>>
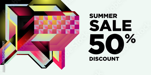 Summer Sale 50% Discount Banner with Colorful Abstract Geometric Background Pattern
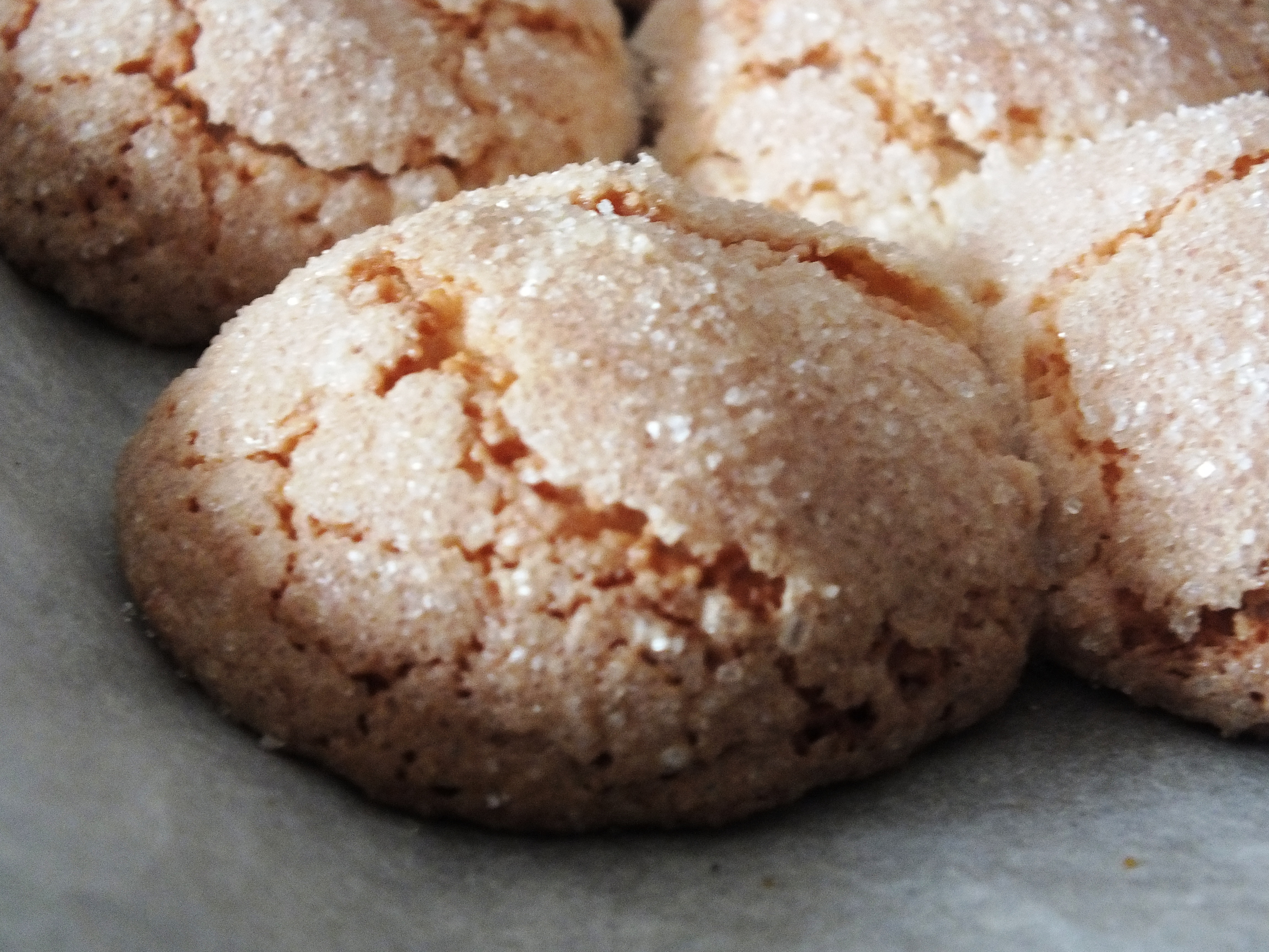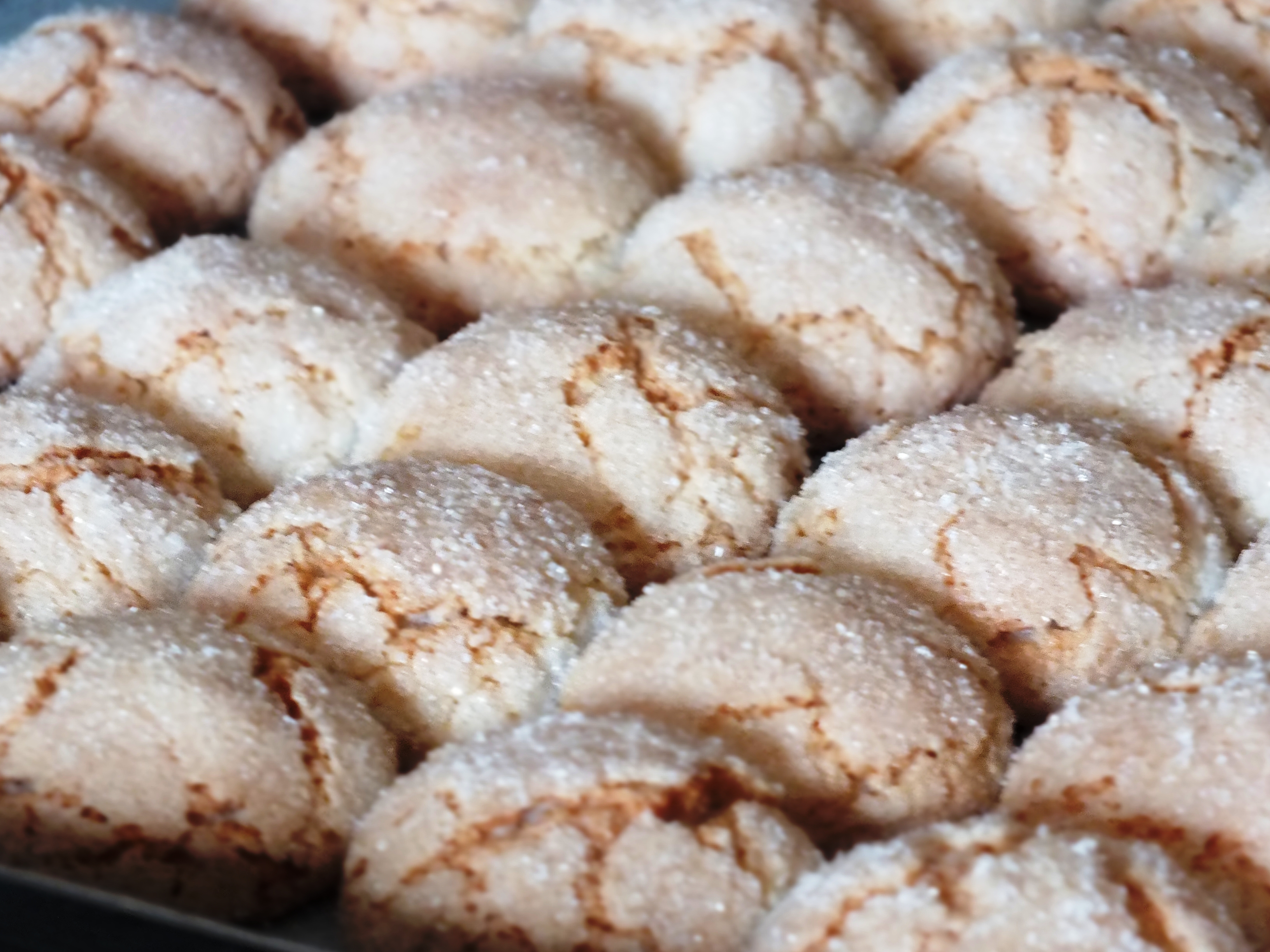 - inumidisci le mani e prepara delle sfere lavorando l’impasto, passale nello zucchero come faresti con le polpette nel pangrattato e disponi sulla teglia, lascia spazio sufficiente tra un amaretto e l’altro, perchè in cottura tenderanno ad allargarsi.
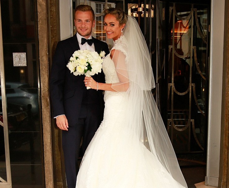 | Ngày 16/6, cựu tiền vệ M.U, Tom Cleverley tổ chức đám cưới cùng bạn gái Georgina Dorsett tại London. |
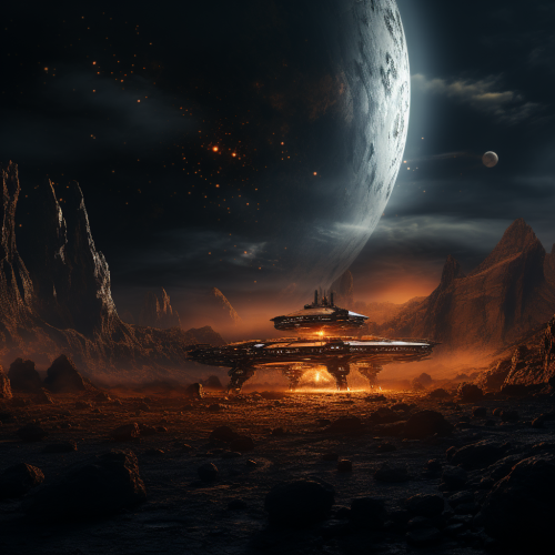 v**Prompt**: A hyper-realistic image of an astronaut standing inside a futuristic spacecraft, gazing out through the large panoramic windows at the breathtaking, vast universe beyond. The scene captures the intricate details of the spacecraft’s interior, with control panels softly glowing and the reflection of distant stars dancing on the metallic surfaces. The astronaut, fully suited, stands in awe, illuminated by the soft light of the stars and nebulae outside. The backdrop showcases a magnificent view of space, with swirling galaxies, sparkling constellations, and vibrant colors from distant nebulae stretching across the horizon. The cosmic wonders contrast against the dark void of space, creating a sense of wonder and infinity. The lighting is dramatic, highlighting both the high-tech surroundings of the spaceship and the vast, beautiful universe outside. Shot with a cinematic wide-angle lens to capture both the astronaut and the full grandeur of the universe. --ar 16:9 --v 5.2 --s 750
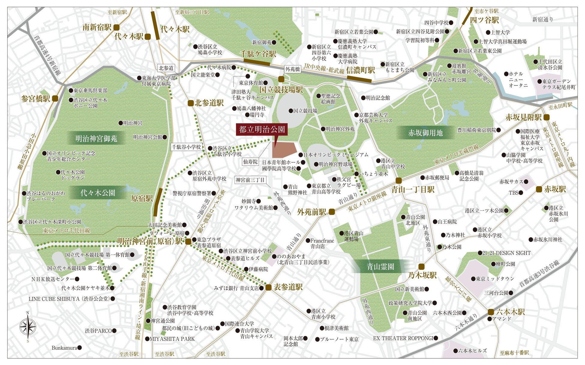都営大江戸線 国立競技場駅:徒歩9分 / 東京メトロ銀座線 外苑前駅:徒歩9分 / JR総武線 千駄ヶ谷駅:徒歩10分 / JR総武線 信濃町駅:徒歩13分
<<
### What this task involves
Return the whole of the material above exactly, with no picture carried over.

### Written response
 Summer Sale 50% Discount Banner with Colorful Abstract Geometric Background Pattern
 - inumidisci le mani e prepara delle sfere lavorando l’impasto, passale nello zucchero come faresti con le polpette nel pangrattato e disponi sulla teglia, lascia spazio sufficiente tra un amaretto e l’altro, perchè in cottura tenderanno ad allargarsi.
 | Ngày 16/6, cựu tiền vệ M.U, Tom Cleverley tổ chức đám cưới cùng bạn gái Georgina Dorsett tại London. |
 v**Prompt**: A hyper-realistic image of an astronaut standing inside a futuristic spacecraft, gazing out through the large panoramic windows at the breathtaking, vast universe beyond. The scene captures the intricate details of the spacecraft’s interior, with control panels softly glowing and the reflection of distant stars dancing on the metallic surfaces. The astronaut, fully suited, stands in awe, illuminated by the soft light of the stars and nebulae outside. The backdrop showcases a magnificent view of space, with swirling galaxies, sparkling constellations, and vibrant colors from distant nebulae stretching across the horizon. The cosmic wonders contrast against the dark void of space, creating a sense of wonder and infinity. The lighting is dramatic, highlighting both the high-tech surroundings of the spaceship and the vast, beautiful universe outside. Shot with a cinematic wide-angle lens to capture both the astronaut and the full grandeur of the universe. --ar 16:9 --v 5.2 --s 750
都営大江戸線 国立競技場駅:徒歩9分 / 東京メトロ銀座線 外苑前駅:徒歩9分 / JR総武線 千駄ヶ谷駅:徒歩10分 / JR総武線 信濃町駅:徒歩13分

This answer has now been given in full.